投稿日: May 07, 2014 12:36:26 AM
一見すると金があるようだが…
日本の人口が逆ピラミッドになって、懐に余裕のある層は高齢者であって、その人口に占める割合も高いという特殊な状況があることは、日本のマーケティングを狂わす一つの要因である。一般的には新しいビジネスやサービスは若者に受け入れられ、若者がそれを受け継いで発展させていくということで、新規分野の充実が図られる。例えばマイコンブーム以降のパソコンもそうであって、パソコン文化を創り出したのは当時のコンピュータの専門家ではなく、高校生・大学生・アマチュアなど専門教育を受けていないところから盛り上がっていった。
だから若者が担いで盛り上げるようなタネがあることがイノベーションの前提になる。通信の規制緩和はパソコン通信とかインターネットを発展させた。そして今のネット利用が経済としてみても無視できない要素になったのである。しかし経済的な観点からすると、日本はネジレがある。確かに若者は新しいものを受け入れてくれるが、逆ピラミッドなので人口に占める割合は少ないし、カネをもっていないがために、タダで色々なものが使えるネットにへばりついているのだから、若者相手のネットビジネスは難しかった(日本では)。

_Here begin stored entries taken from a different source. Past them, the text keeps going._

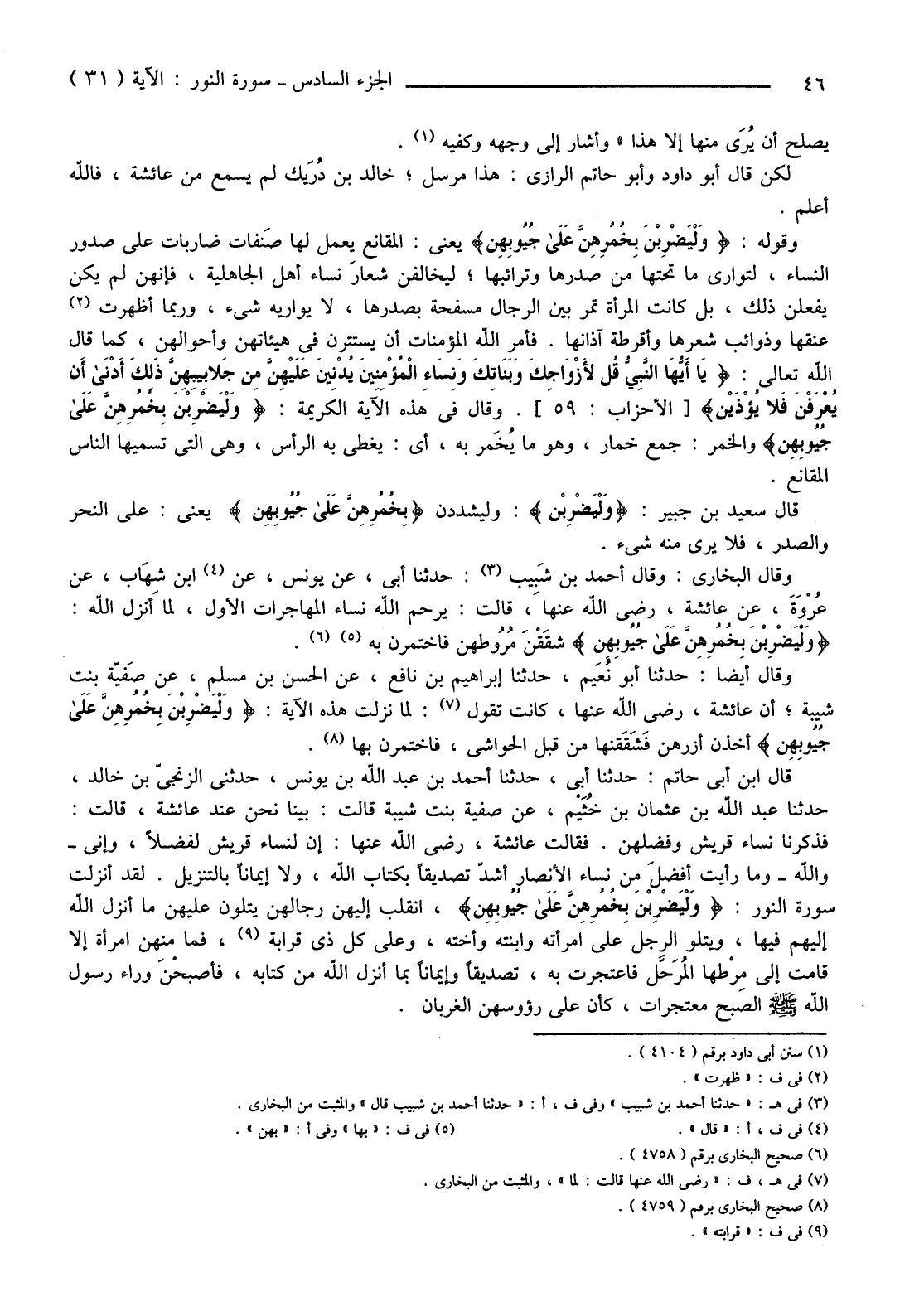 وَقَالَ ابْنُ أَبِي حَاتِمٍ: حَدَّثَنَا أَبِي، حَدَّثَنَا أَحْمَدُ بْنُ عَبْدِ اللَّهِ بْنِ يُونُسَ، حَدَّثَنِي الزِّنْجِيُّ بْنُ خَالِدٍ، حَدَّثَنَا عَبْدُ اللَّهِ بْنُ عُثْمَانَ بْنِ خُثَيْم، عَنْ صَفِيَّةَ بِنْتِ شَيْبَةَ قَالَتْ: بَيْنَا نَحْنُ عِنْدَ عَائِشَةَ، قَالَتْ: فَذَكَرْنَا نِسَاءَ قُرَيْشٍ وَفَضْلَهُنَّ. فَقَالَتْ عَائِشَةُ، رَضِيَ اللَّهُ عَنْهَا: إِنَّ لِنِسَاءِ قُرَيْشٍ لَفَضْلًا وَإِنِّي -وَاللَّهِ -وَمَا رَأَيْتُ أفضلَ مِنْ نِسَاءِ الْأَنْصَارِ أَشَدَّ تَصْدِيقًا بِكِتَابِ اللَّهِ، وَلَا إِيمَانًا بِالتَّنْزِيلِ. لَقَدْ أُنْزِلَتْ سُورَةُ النُّورِ: {وَلْيَضْرِبْنَ بِخُمُرِهِنَّ عَلَى جُيُوبِهِنَّ} ، انْقَلَبَ إِلَيْهِنَّ رِجَالُهُنَّ يَتْلُونَ عَلَيْهِنَّ مَا أَنْزَلَ اللَّهُ إِلَيْهِمْ فِيهَا، وَيَتْلُو الرَّجُلُ عَلَى امْرَأَتِهِ وَابْنَتِهِ وَأُخْتِهِ، وَعَلَى كُلِّ ذِي قَرَابَةٍ (9) ، فَمَا مِنْهُنَّ امْرَأَةٌ إِلَّا قَامَتْ إِلَى مِرْطها المُرَحَّل فَاعْتَجَرَتْ بِهِ، تَصْدِيقًا وَإِيمَانًا بِمَا أَنْزَلَ اللَّهُ مِنْ كِتَابِهِ، فأصبحْنَ وَرَاءَ رَسُولِ اللَّهِ صَلَّى اللَّهُ عَلَيْهِ وَسَلَّمَ الصُّبْحَ مُعْتَجَرَاتٍ، كأن على رؤوسهن الغربان.
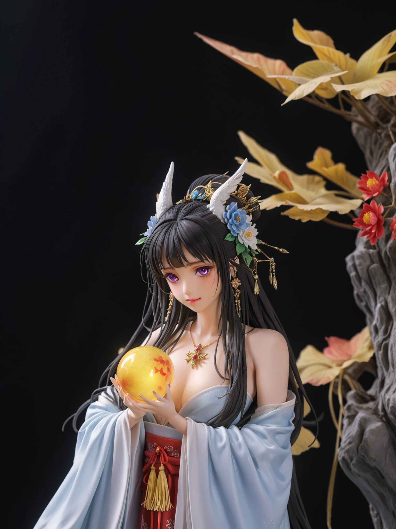 这是根据中国的翻糖大师的风格训练的翻糖风格模型。不同于泥塑,塑胶模型,翻糖人偶独有的珠光反光被完美的还原了。加之原本大师华丽的风格,让整个模型同时是一个华丽的古装模型。无处不透露了优雅。
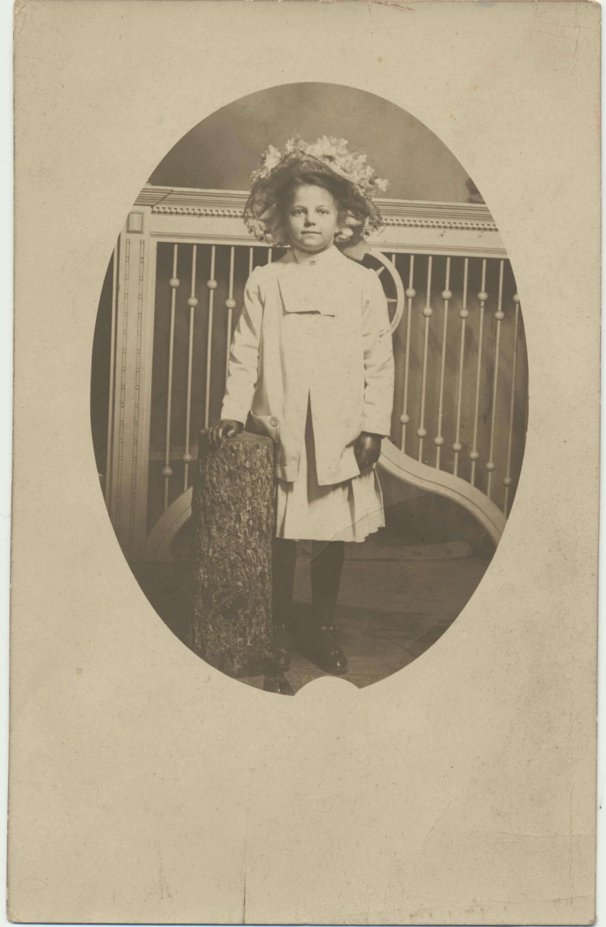 Print, photographic. 2 1/2 x 3 1/2sepia. Portrait of young girl dressed in coat and fancy hat, standing in front of screen or railing. Helen Shank. Printed on postcard back, inscribed "Do you know who I am?"
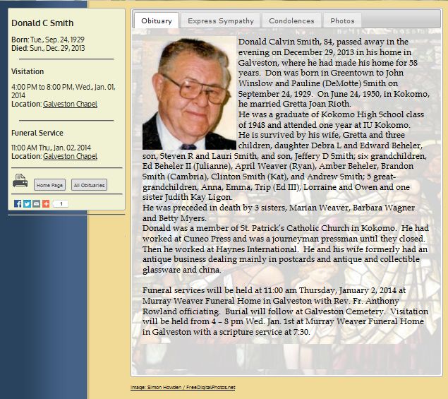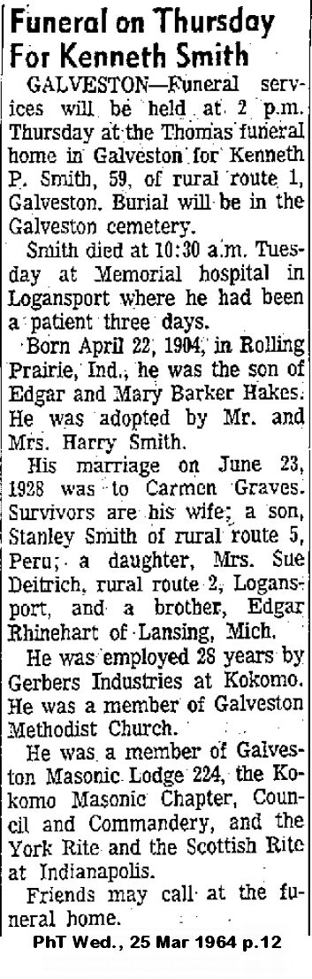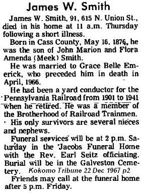 SMELSERCharles A. (Sr.)   10 Apr 1913 10 Feb 1984 13 Feb 1984  70  4th Add; Sec 2 029  3
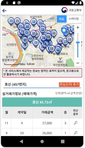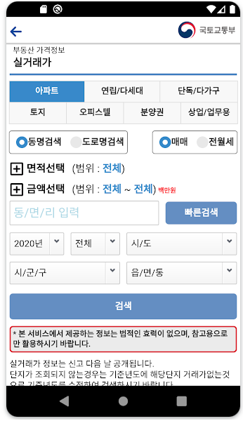 아파트 실거래가 모바일 조회(국토교통부 앱 기준)
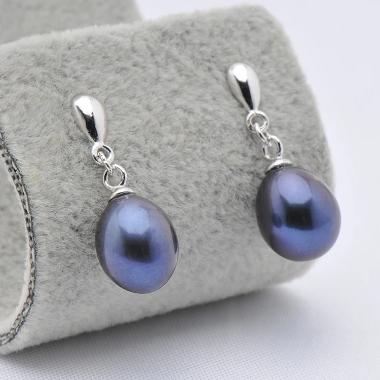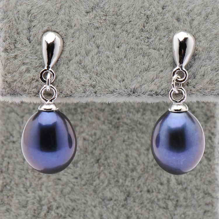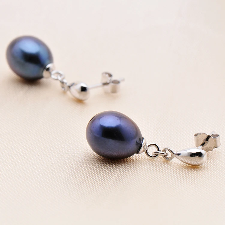 Vintage Style Women's Earrings 8-9mm Rice-shaped Natural Cultured Pearls 100% 925 Sterling Silver Earrings
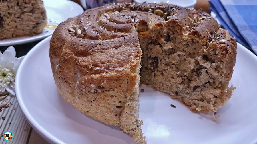 3.- Colocamos la espiral de brioche con semillas en un plato cubierto con papel de horno. Colocamos sobre el plato un molde de tartas. Dejamos que la masa repose y doble su volumen durante una horas más, esparcimos un poco de sal por encima de la masa. Precalentamos el horno a 180º, cocinamos el pan de semillas 25 0 30 minutos. Retiramos el pan del horno, dejamos que se enfría sobre una rejilla.
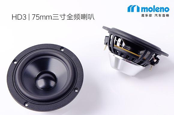 2017年音悦传真正式推出了一系列的魔乐歌新产品,如D63和HD63的三分频套装,应用的中音单元是75mm锥形音盆振膜HD3。从音悦传真车改联盟了解到,HD3其实应被称之为3寸全频喇叭,因为它的高频可以延伸到20kHz,这是普通高音才能到的极限;而中低频下限也可以到150Hz,这是男声较低音域的部分,HD3的确有着非常好的宽频响应。
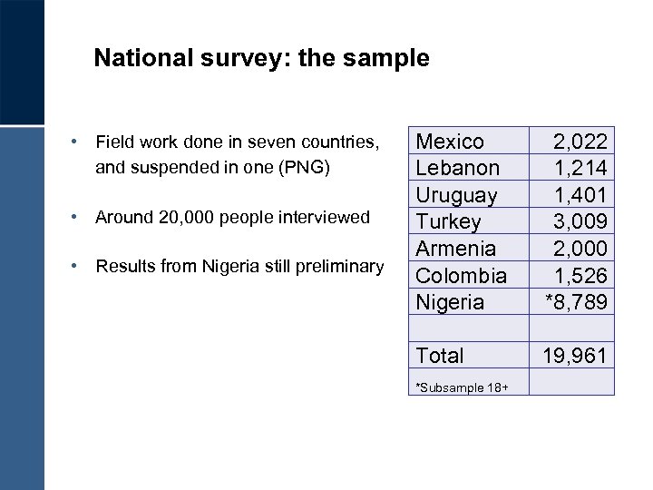 National survey: the sample • Field work done in seven countries, and suspended in one (PNG) • Around 20, 000 people interviewed • Results from Nigeria still preliminary Mexico Lebanon Uruguay Turkey Armenia Colombia Nigeria 2, 022 1, 214 1, 401 3, 009 2, 000 1, 526 *8, 789 Total 19, 961 *Subsample 18+
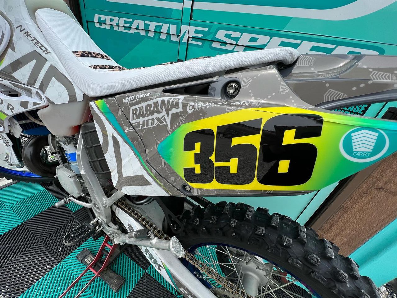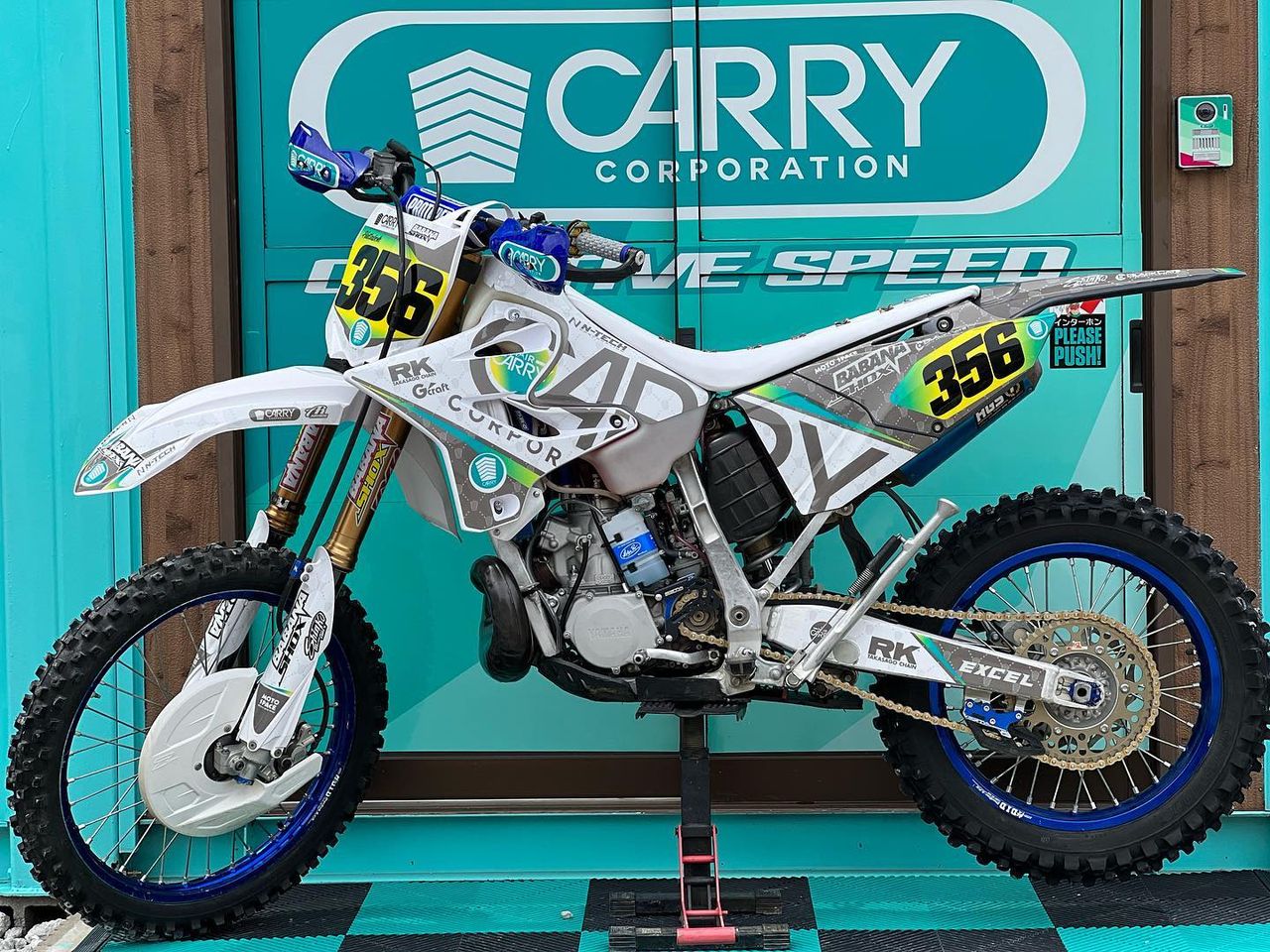 RKチェーン&CARRYグラフィックで彩ったカスタム満載のデモ車両展示やプリントジャージのプロモーション、アパレルなどの販売を行います!
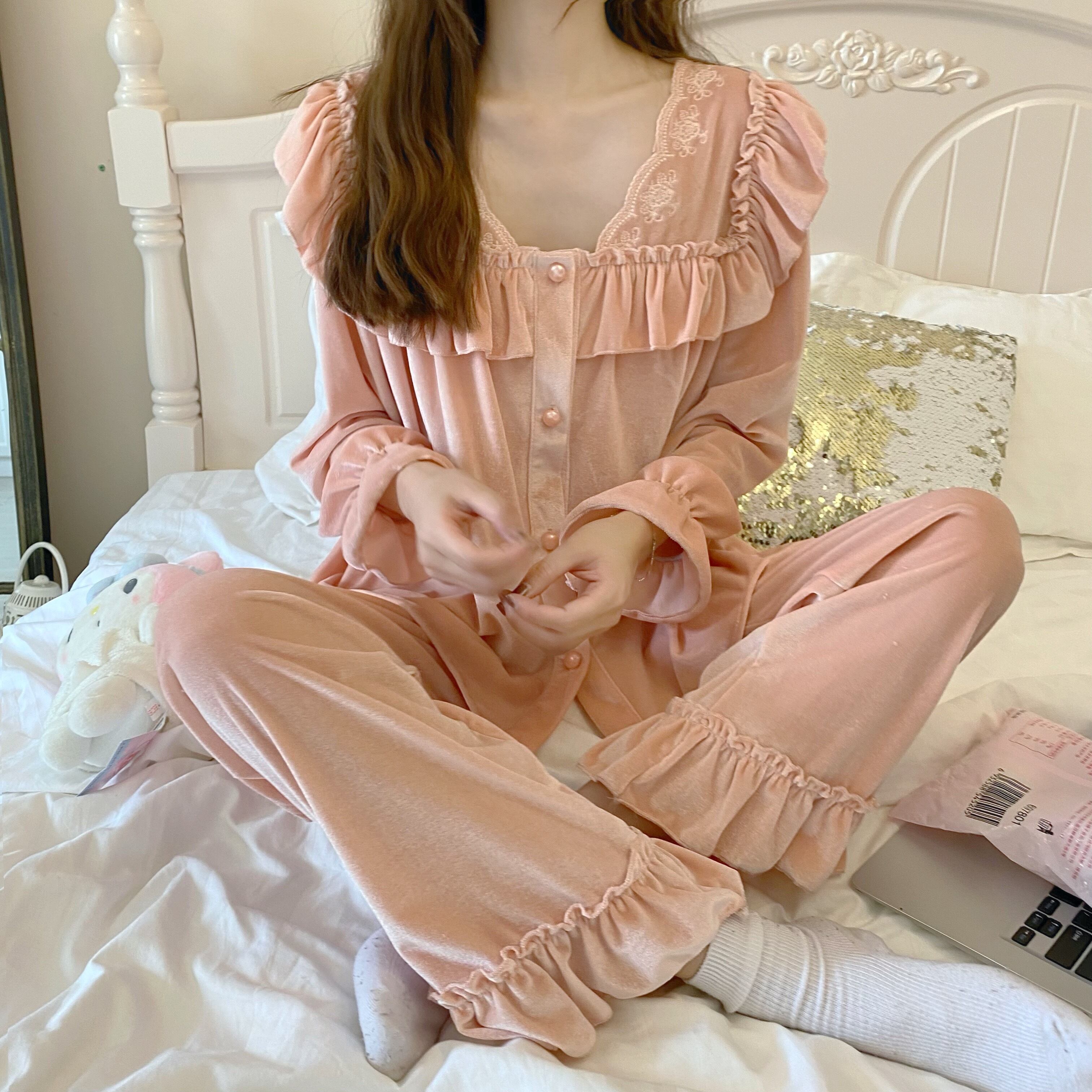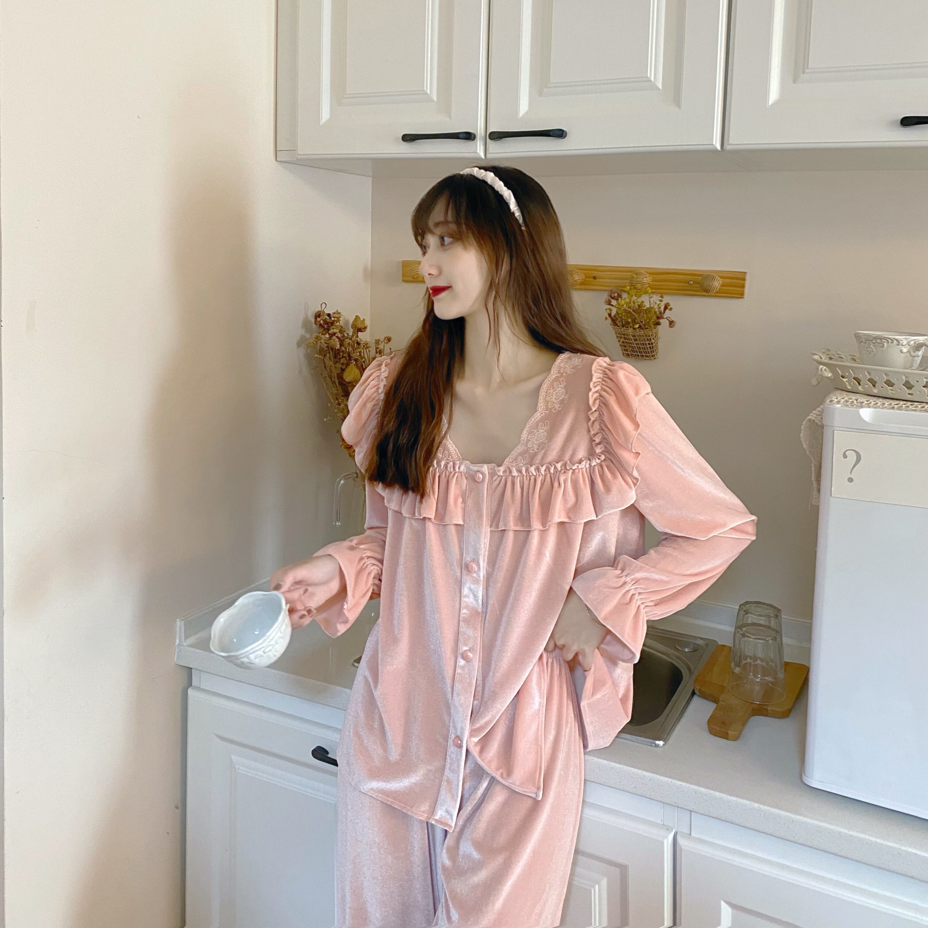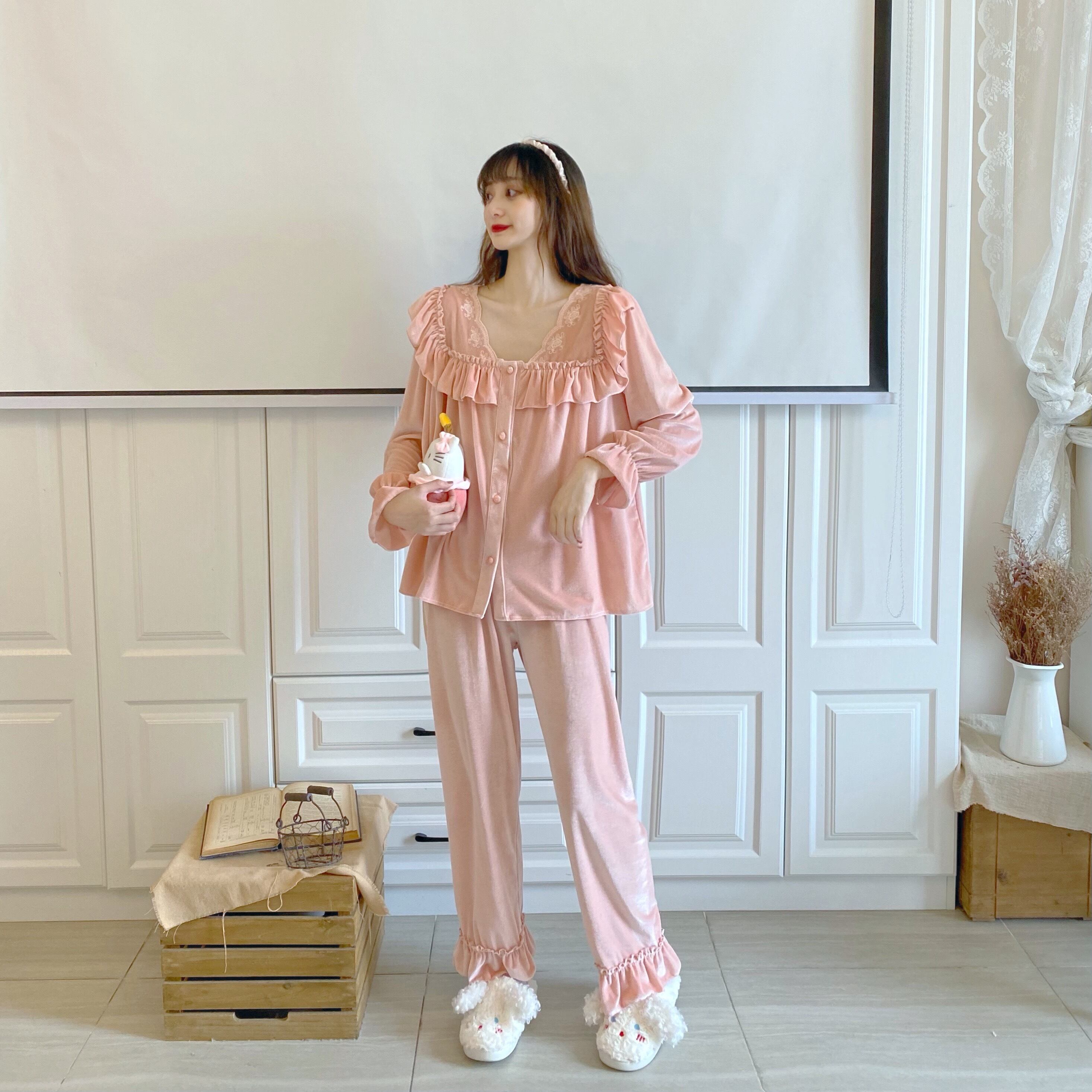 ルームウェア レディース パジャマ 部屋着 寝巻き ナイトウェア 上下セット 無地 長袖 袖あり 伸縮性 パンツ ボタン 前開き フリル ルーズ ゆったり ゆる ラフ 春 レトロ お洒落 おしゃれ 可愛い かわいい フェミニン 大人 普段使い 大人可愛い 大人女子 おしゃれ セクシー キュート ラブリー ゆるふわ 抜け感 とろみ感 海外 インポート ピンク 10代 20代 30代 ワンサイズ 旅行 休日 お泊まり 女子会 韓国ファッション オルチャン 人気 トレンド インスタ映え 楽ちん あったか 暖かい

しかし中高年でITには若干ビハインドであった層にもインターネットが浸透してくることによって、楽天・ヤフオク・ジャパネットたかた、そして電子書籍も遅ればせながらそうであるかもしれないが、2000年代中ごろから市場を拡大してきた。とくにジャパネットたかたはデジタル家電やデジタルアプライアンスを中高年が使いだす機会を提供したかもしれないし、それらの参入でネット通販もシニア化が進んだように思える。
ところがジャパネットたかたは2010年をピークに売り上げが急速に下降し始めた。これは残念なことに中高年の特性をあらわしているように思う。若者の場合はデジカメでもPCでもスマホでも2-3年経つと一世代古いものに思えて、まだ使えていても買い換えようとするが、中高年は買い替えのサイクルがもっとうんと長いように思う。つまり商品が一巡するほどゆきわたれば、それ以上は回転しないのである。
実際にメーカーに対して古い機種に関する問い合わせが増えているのかどうかは確認しては居ないが、Q&Aサイトなどでは何とか頑張って使い続けようとする姿がうかがえ、メーカーも中高年には売るんじゃなかったと後悔しているのではないかと思うこともある。
中高年に貯蓄があるとはいっても、それは消費財を買うためにあるのではなく、たいていは老後の不安から取りのけてある金であって、年金や福祉の不安を軽減させないことには市場に放出されないだろう。それは個々のメーカーや流通業者ができることではない。
新しい製品が若者に先に受け入れられるという鉄則は揺るがないし、そこにしか将来の市場を切り開く要素はない。だから若者向けのビジネスこそ日本国内市場に留まらず、世界を相手にしなければならないのではないだろうか。